As America went to war, African Americans answered the call on factory floors and shipyards, and recruiting offices across America in a country that treated them as second class citizens.

Black women, sometimes known as "Black Rosies," worked in the defense industries during World War II.
Black women, sometimes known as "Black Rosies," worked in the defense industries during World War II.Read moreNational Archives

Memorial Day gives us an opportunity to pay our respects and honor the men and women who made the ultimate sacrifice for the freedoms that we enjoy today. World War II was our largest and costliest war, second only to the Civil War. It was during this war that African Americans demanded full participation on a scale that had not seen before.

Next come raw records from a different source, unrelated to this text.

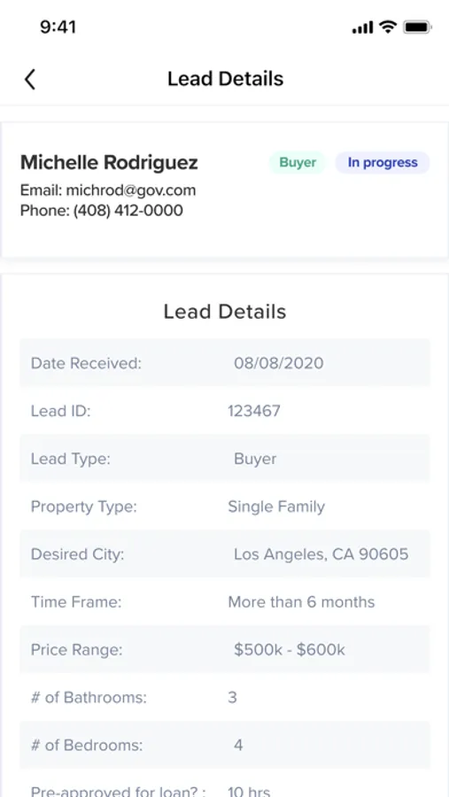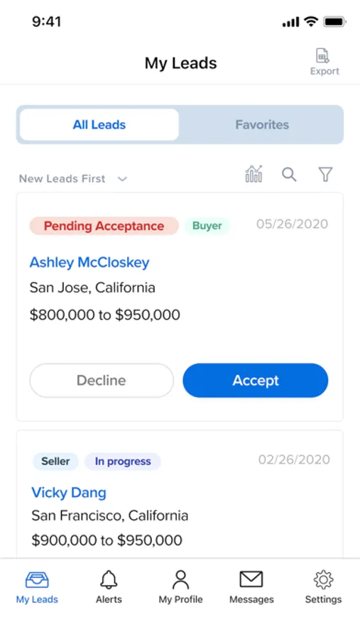 Efficiently track your leads and manage the status of the process each step of the way. Filter and search for leads by name, address, or listing value. Contact the client by calling them or messaging them directly from the app. Add leads to Favorites for faster accessibility.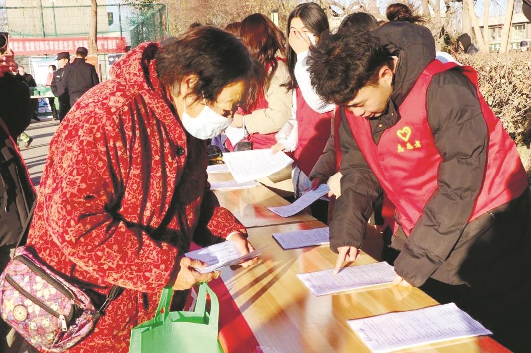 新华西街道坚持党建引领,以高质量打造一刻钟社区生活圈为目标,以发挥“循爱新华西”志愿服务品牌效应为抓手,不断激发便民生活新动能,让居民感受到更多“家门口”的幸福。图为工作人员向市民介绍如何通过“循爱新华西”小程序打卡报名参与志愿服务活动。 (毕晓敏 摄)
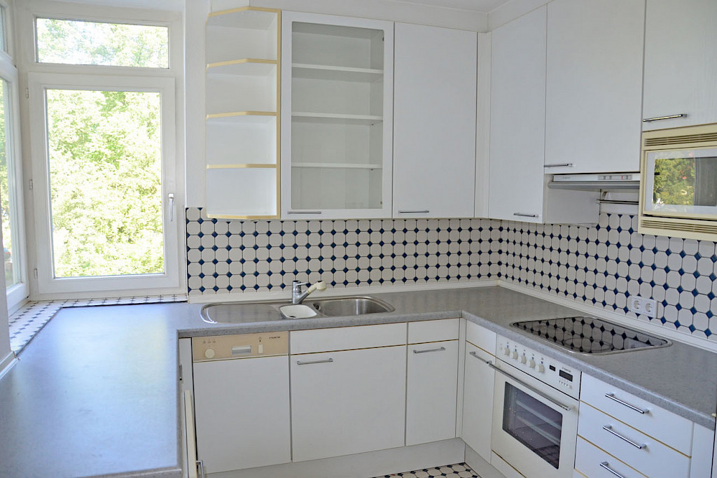 Im 2. Obergeschoss eines ansprechenden Mehrfamilienhauses mit Lift in beliebter Wohnlage am Haarenufer in Oldenburg/ nahe Dobbenwiese steht diese komplett renovierte Obergeschosswohnung mit ca. 106 m² Wohnfläche zur Vermietung an. Das Mietangebot (4 ZKB) beeindruckt durch die gelungene Raumaufteilung mit lichtdurchflutetem Wohnbereich mit Zugang zum sonnigen Balkon, Wohnküche inkl. Einbauküche, zwei geräumige Schlafzimmer, ein Gästezimmer/ Büro, ein neu gestalteter Badbereich mit Dusche und Wanne, Gäste-WC sowie Eingangsdiele. Die geräumige 4 Zimmer- Wohnung (mit Fußbodenheizung) wurde vom Vermieter in liebevoller Weise komplett renoviert, u. a. mit neuem Linoleum- Designboden in Holzoptik, Malerarbeiten sowie kompletter Neugestaltung des Badbereiches und Gäste-WCs. Abgerundet wird dieses interessante Mietangebot durch einen separaten Kellerraum sowie einen Carport- Stellplatz auf dem Hintergrundstück.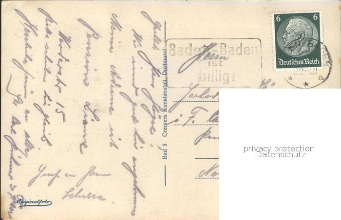 71848581 alte Postkarte BADEN-BADEN BW postalisch gelaufen Erhaltung siehe scans KatCode: 11110008211000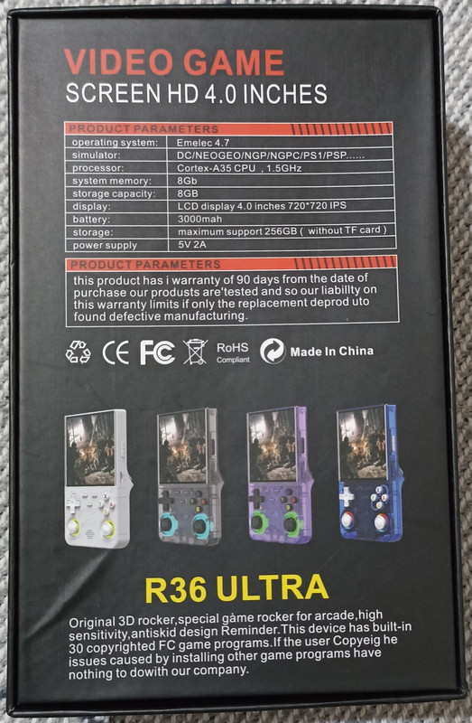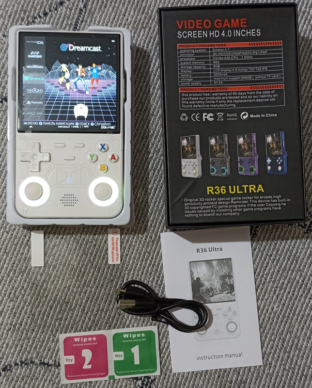 в наличии: Портативная игровая консоль ретроигр R36 Ultra 64GB Экран IPS: 4" 720x720 (очень яркий и сочный с высокой детализацией) Процессор RK3326 Quad-core Cortex-A35 1.5GHz, видеоядро Mali-G31MP2 Поддержка эмуляторов игр от: PS1, PSP, Sega Dreemcast, Sega Saturn, NDS, Nintendo 64, Sega Megadrive, NES (dendi), Super Nintendo, NEOGEO, GBA, GBC, GB и др под завязку забита играми, по запросу сделаю сборнкик от интересующих приставок Операционная система Emuelec 4.7 , есть возможность удалять и записывать игры самостоятельно Новая в коробке, с картой памяти 64Гб - 1800 грн
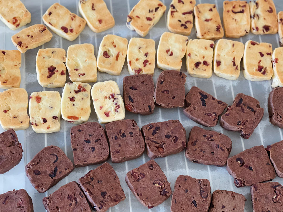 低粉230克,黄油125克,绵白糖60克,蔓越莓干65克,全蛋液48克,可可粉8克,盐2克,160度25分钟

As America went to war to fight Imperial Japan and Nazi Germany, African Americans answered the call on factory floors and shipyards, and recruiting offices across America in a country that treated them as second class citizens and little more than manual labor robots. But as a price for their service, they demanded equal justice under the law and the opportunity to be treated fairly. Serving as defense workers, nurses, and WAC’s (in Women’s Army Corps), the story of African American women deserves our heartfelt appreciation on this Memorial Day.

Being Black and a woman in the 1940s was a double whammy that presented its own unique obstacles and dangers to navigate. Black women found few opportunities beyond domestic work or working in cotton fields under the rigid system of sharecropping in the early decades of the 20th century. World War II accelerated the migration of African Americans out of the agrarian South to the industrial North. The war opened doors for them that in many cases they had to pry open and put down door stoppers in place to keep open.

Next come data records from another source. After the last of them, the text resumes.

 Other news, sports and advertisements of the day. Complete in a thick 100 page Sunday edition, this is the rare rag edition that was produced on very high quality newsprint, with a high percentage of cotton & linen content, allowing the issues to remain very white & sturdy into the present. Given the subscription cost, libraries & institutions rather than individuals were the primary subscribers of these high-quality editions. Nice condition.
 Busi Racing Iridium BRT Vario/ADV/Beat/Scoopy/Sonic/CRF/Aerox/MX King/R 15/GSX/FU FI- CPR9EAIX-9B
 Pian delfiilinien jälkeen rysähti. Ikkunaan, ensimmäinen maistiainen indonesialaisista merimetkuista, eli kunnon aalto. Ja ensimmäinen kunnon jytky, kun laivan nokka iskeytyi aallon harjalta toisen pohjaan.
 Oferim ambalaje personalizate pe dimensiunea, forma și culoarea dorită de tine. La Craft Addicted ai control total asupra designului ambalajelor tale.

By 1941, the American war industry was kicking into high gear as the United States supplied Britain and the Soviet Union critical war supplies under the Lend-Lease Act. Sensing the importance of keeping these two nations in the war against Germany, Roosevelt persuaded Congress to provide this critical aid. After over a decade of economic depression, WWII arguably was the best jobs program in American history, bringing the unemployment rate down to almost zero by 1944. The problem for many African Americans was that the defense industries openly discriminated against them.

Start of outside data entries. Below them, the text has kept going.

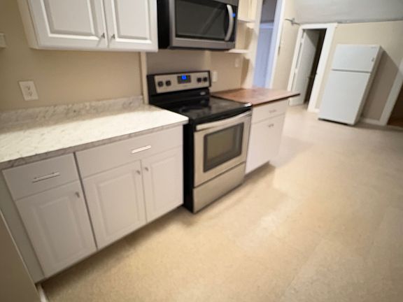 This is a newly renovated large 2 bed 1 bath apartment on a 3rd floor. Lots of closet space. It is all electric. Month to month lease.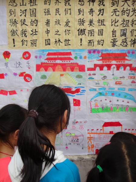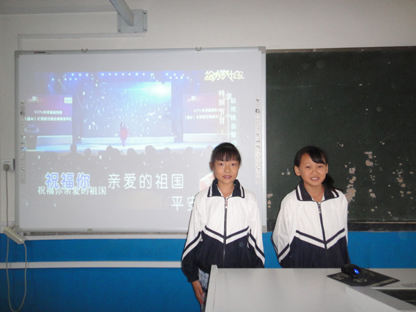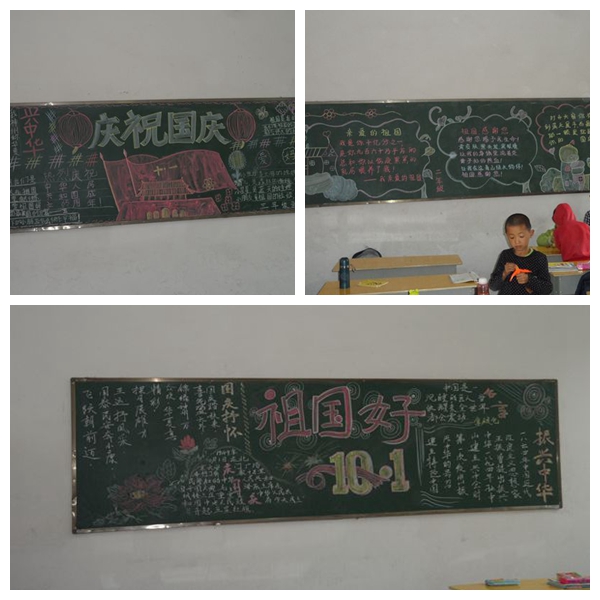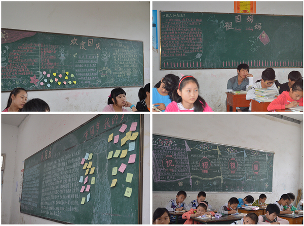 为迎接即将到来的建国65周年纪念日,在张母桥中心学校开展了以班级为单位的黑板报迎国庆活动。本次活动,受到全校广大师生热烈欢迎和广泛参与。在不到三天内,学校18个班级均完成了本班黑板报的设计与展示。各班黑板报国庆主题鲜明,版面图文并茂,且个性明显。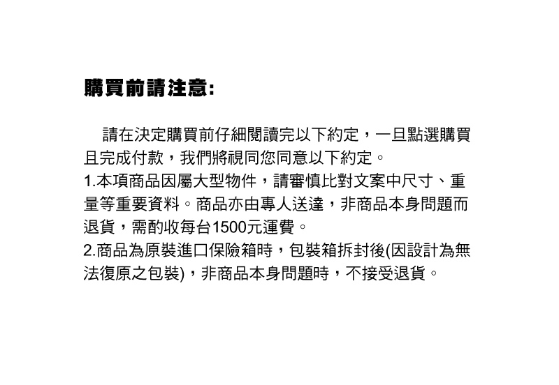 ※本商品採預約方式出貨,訂單成立後3個工作天內送達(不含週六日及國定假日),如廠商有約定日將於約定日期內送達。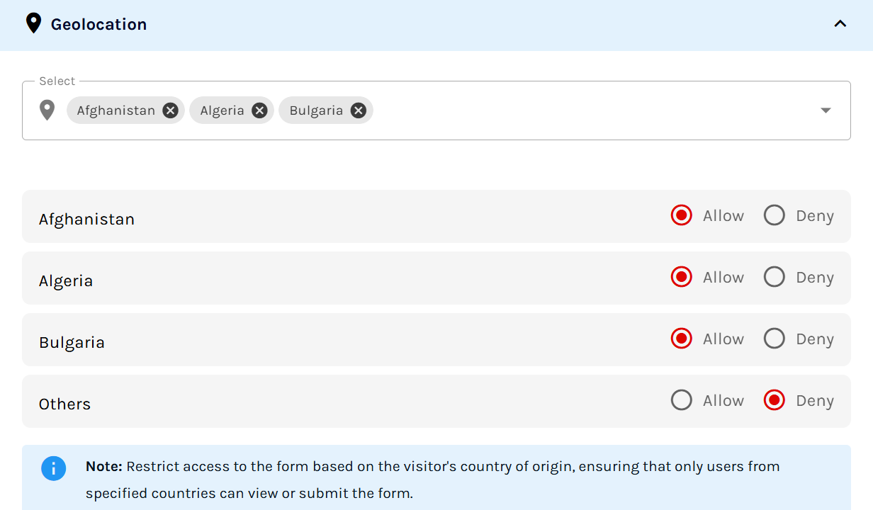 When you have embedded online forms, you are then ready to get users to engage with your forms and capture leads.There is way to show or hide the form based on the country of your page visitors. For example, if you only need leads from a certain country, or few select countries, then geo-location helps you show the form only to those visitors.Also, you can specifically hide a certain country and enabled the rest of the world to view and engage with your forms.Geolocation works automatically understands the location of website visitors based on their IP address and then quickly enables or hides the form based on your set-up.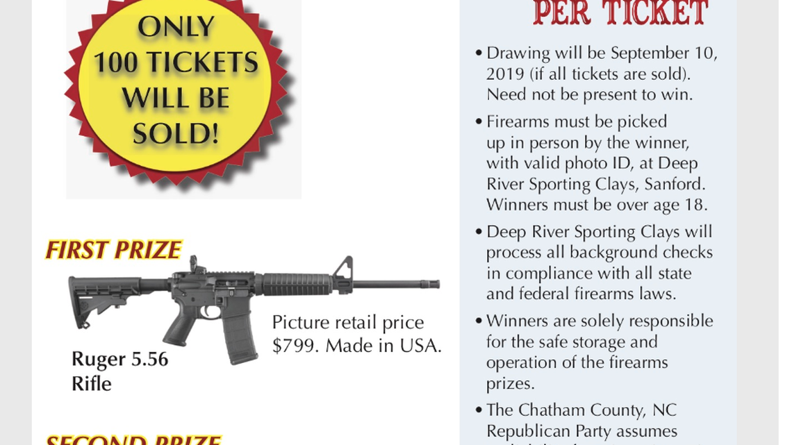 The Republican Party had announced plans to sell 100 $50 tickets to win either a Ruger 5.56 rifle or a Mossberg 12 gauge shotgun during a Sept. 10 meet-the-candidates event at Fearrington Village outside Pittsboro.

Civil Rights activists such as Mary McLeod Bethune and A. Phillip Randolph brought to President Franklin Roosevelt’s attention these practices. Randolph even threatened a march on Washington. Knowing the huge PR disaster this could bring on the United States, this threat compelled Roosevelt to sign Executive Order 8802 which banned racial discrimination in the defense industry. Even though the order had very little enforcement power, it did open the door to one million African American workers — 600,000 of them women.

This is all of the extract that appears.